Many thanks for your comments Serpentes. Yes snakes use behavioural thermoregulation and microclimate selection but temperatures underground are amazingly consistent across habitats (even burrows under rocks compared to those in open ground or in tree root systems) so maybe they do not have as much flexibility as we think. Just a possiblity though.

Yes the design is certainly a headache. All eggs are separately incubated and randomly allocated to a treatment. The mothers are tested on all the same tests as the neonates to hopefully give an idea of inhereted characteristics e.g. if one mother is an excellent swimmer and all her offspring are also way better swimmers than other offspring, irrespective of temperature treatment, then this can be provisioned for.


----------



## Sdaji (Jan 10, 2010)

This probably would have been better done on captive snakes, there is already at least one lab in Australia producing hundreds of snake eggs as a by product of their research, and several others producing large number of lizard eggs.

Keelbacks are very easy to breed, a friend of mine got five clutches out of one in one season. All you need is to keep them at the right temperature, feed them lots of fish, give them something to swim in, some land, and a nesting box if you want to get fancy.

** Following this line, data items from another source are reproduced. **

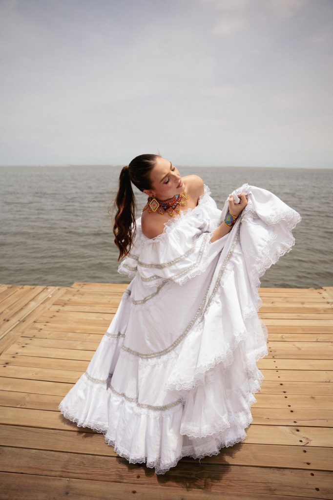 Hasta las playas de Puerto Mocho llegó la reina del Carnaval de Barranquilla, Michelle Char Fernández, para interpretar un sentido bullerengue, en el marco de la celebración del Día del Folclor.
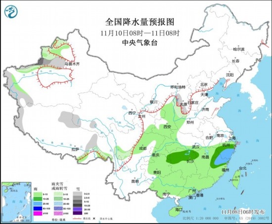 11月10日08時至11日08時,新疆沿天山地區(qū)和南疆西部山區(qū)、山西中部等地部分地區(qū)有小到中雪或雨夾雪,局地大雪。西北地區(qū)東南部、江漢西部、江南、西南地區(qū)東部、華南、臺灣島等地部分地區(qū)有小到中雨,其中,浙江中南部、福建北部等地部分地區(qū)有大雨。遼東半島、山東南部等地部分地區(qū)有4~5級風(見圖4)。
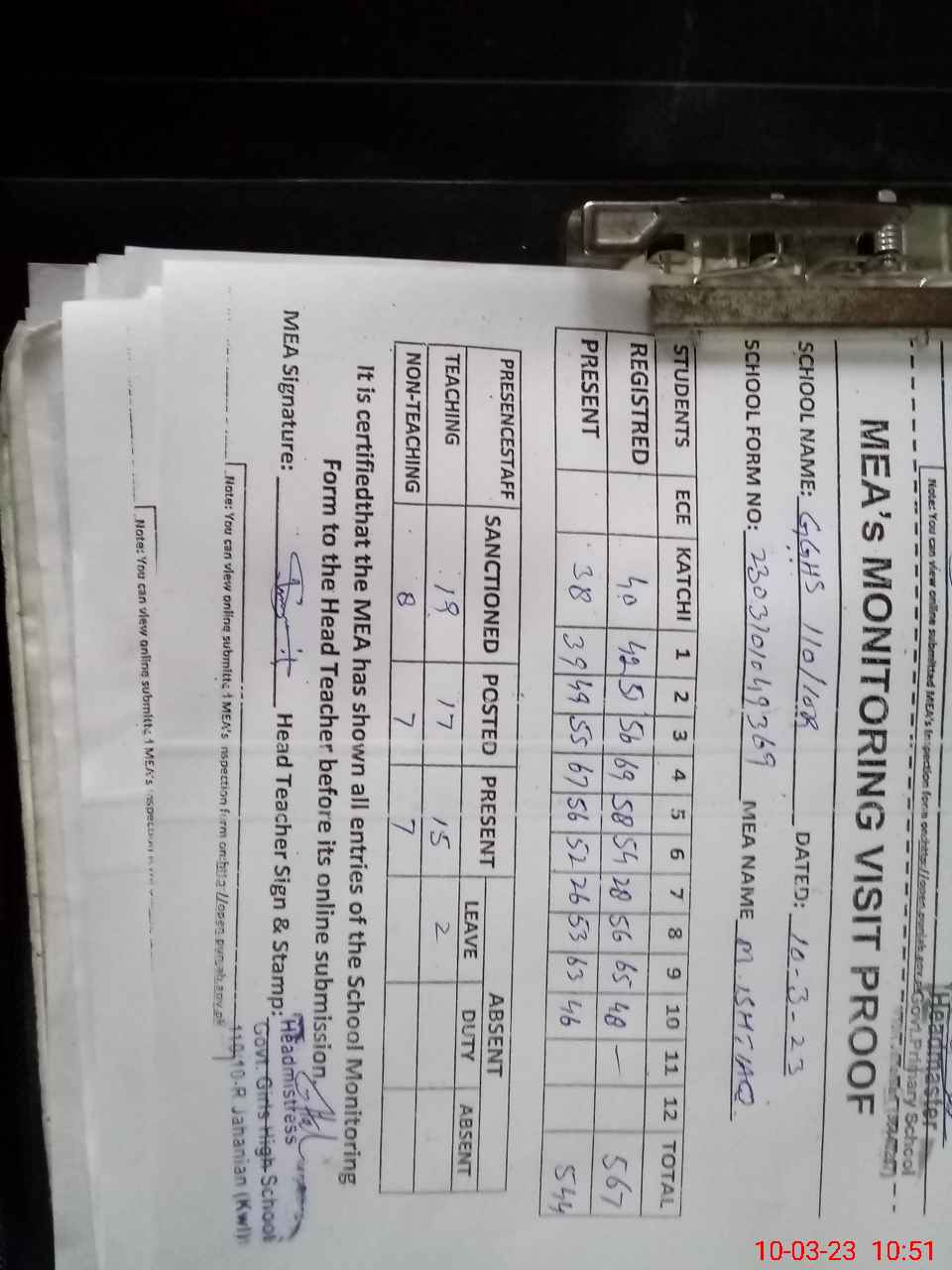 | Certified that this School was Inspected by the Undersigned MEA/DMO Today and the Information Stated Above is as Per Record. | |||||
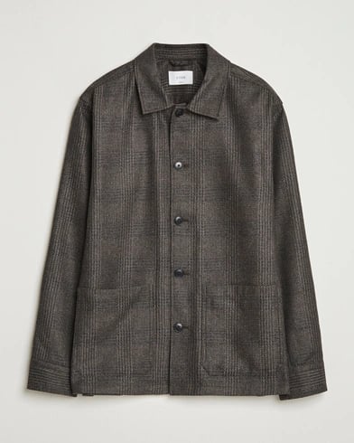 Eton Wool/Cashmere Checked Overshirt Dark Grey
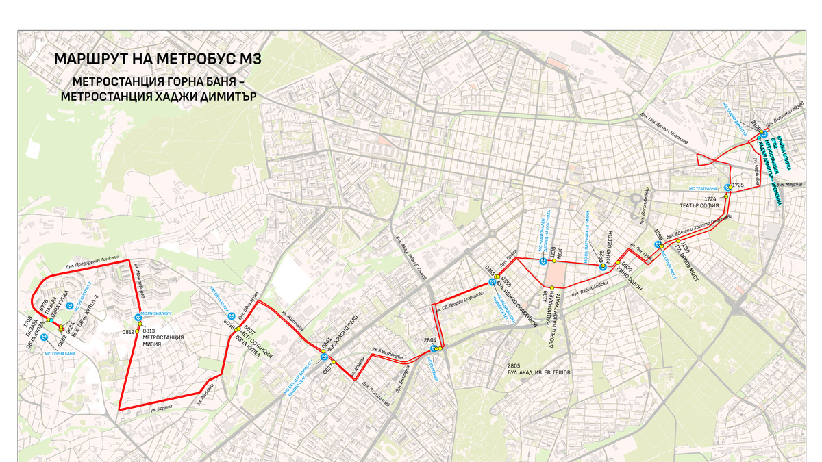 Временна автобусна линия М3 ще вози пътници по Линия 3 на 8 и 9 ноември
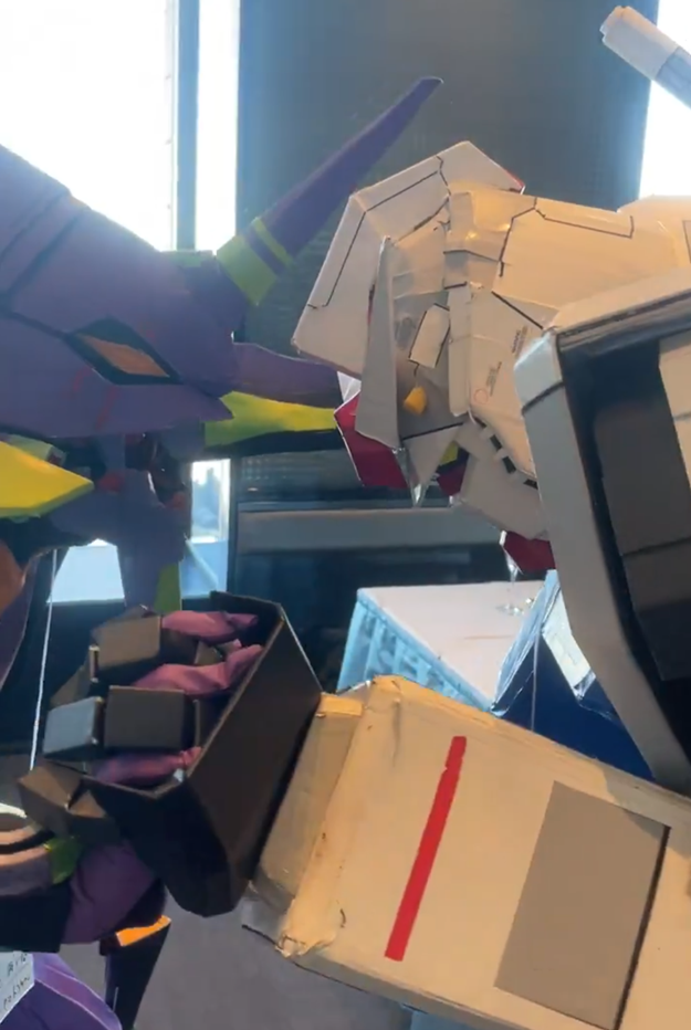 曾製作過《機動戰士鋼彈 SEED》的「自由鋼彈」服裝的 Coser なつは ( @bwd1004 ) ,近期發布了一個參加朋友婚禮二次會的影片,他身穿《新世紀福音戰士》初號機的服裝,跟身穿初代鋼彈的朋友在會場上決鬥,趣味效果吸引不少網友目光,更讚賞這樣的場面只有 Coser 才有樂趣。
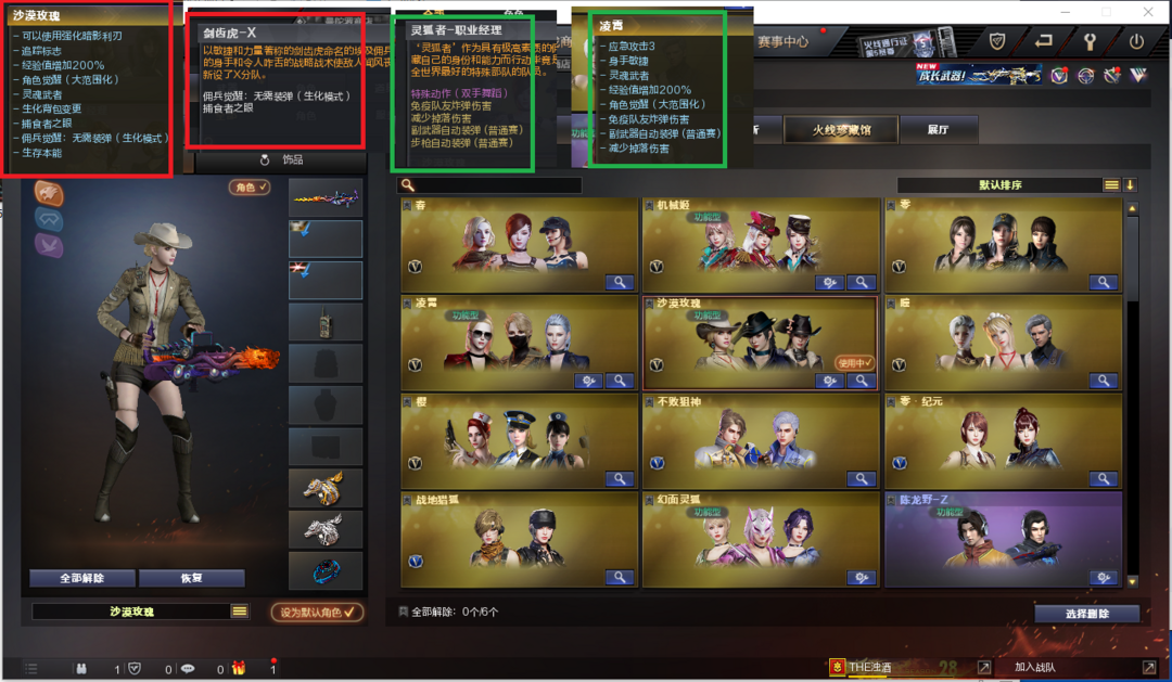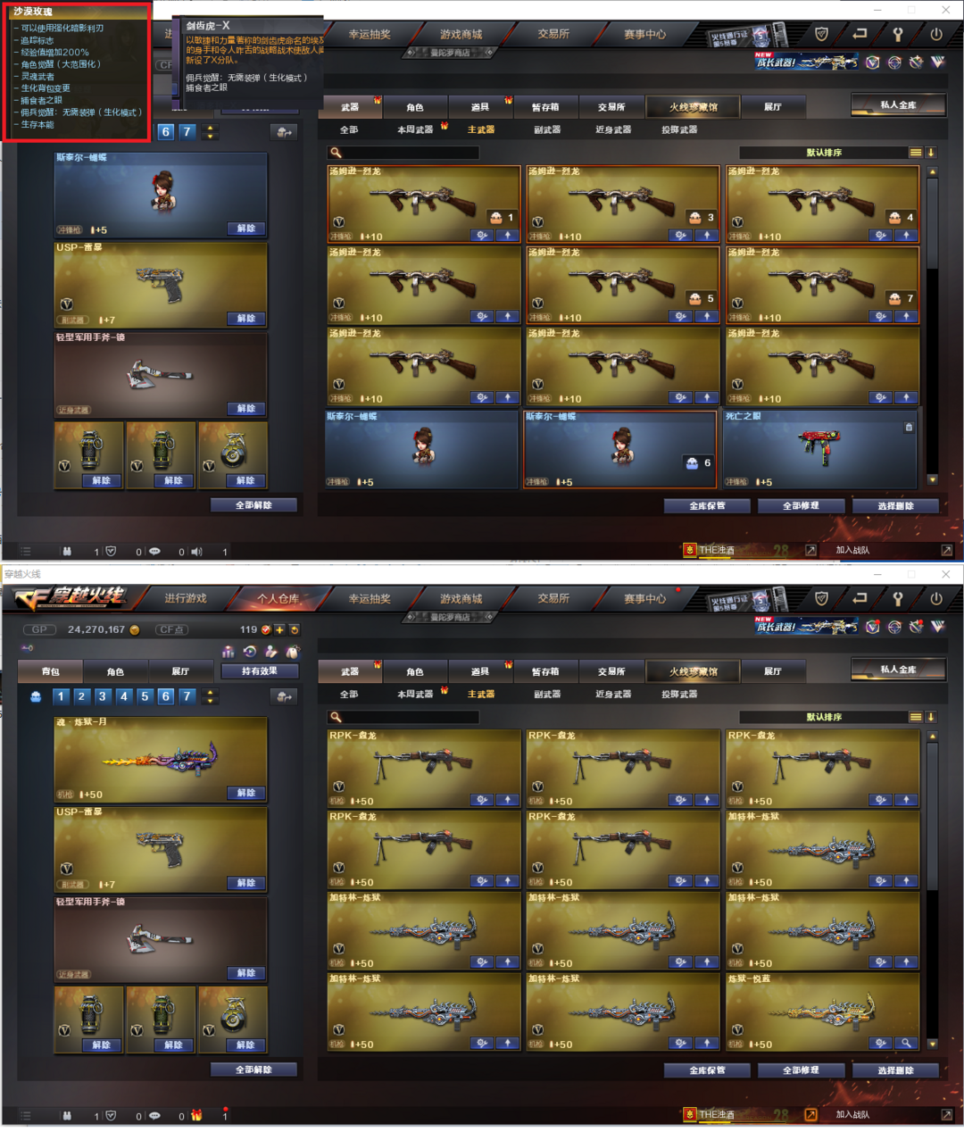 装备描述:排位:可以、、、、、、、、生化四防:(可以变更背包、查看生化僵尸血量):无需换弹、6烈龙、6盘龙、1炼狱、斯泰尔蝴蝶、死亡之眼、手斧镜、全部弹匣、、、、、爆破四防:幻神、3个USP雷暴、2个COP堕天神、加利尔ACE-天香、QBZ金色蔷薇、QBZ天罚、、、毁灭音效、雷神音效、黑骑士音效、、、12套雷暴、7套夜魔、7套电竞装甲、、、生化四防(沙漠玫瑰、剑齿虎)、爆破四防(凌霄、机械姬、职业经理)

Anyway, if for your own reasons you want to/have to use wild snakes, Keelbacks sound like an excellent choice to go with. On my best night in Townsville I saw over 100 Keelbacks in one night, so I don't doubt you're able to fairly reliably go out and find at least 40. If about half the females are gravid, surely you wouldn't need many good nights to get more gravid snakes than you require, or are you after multiple species? If so, your sample sizes are probably going to be too low to be useful. You're going to get much better results from 100 eggs from a range of females from one species than one clutch from each of 20 species.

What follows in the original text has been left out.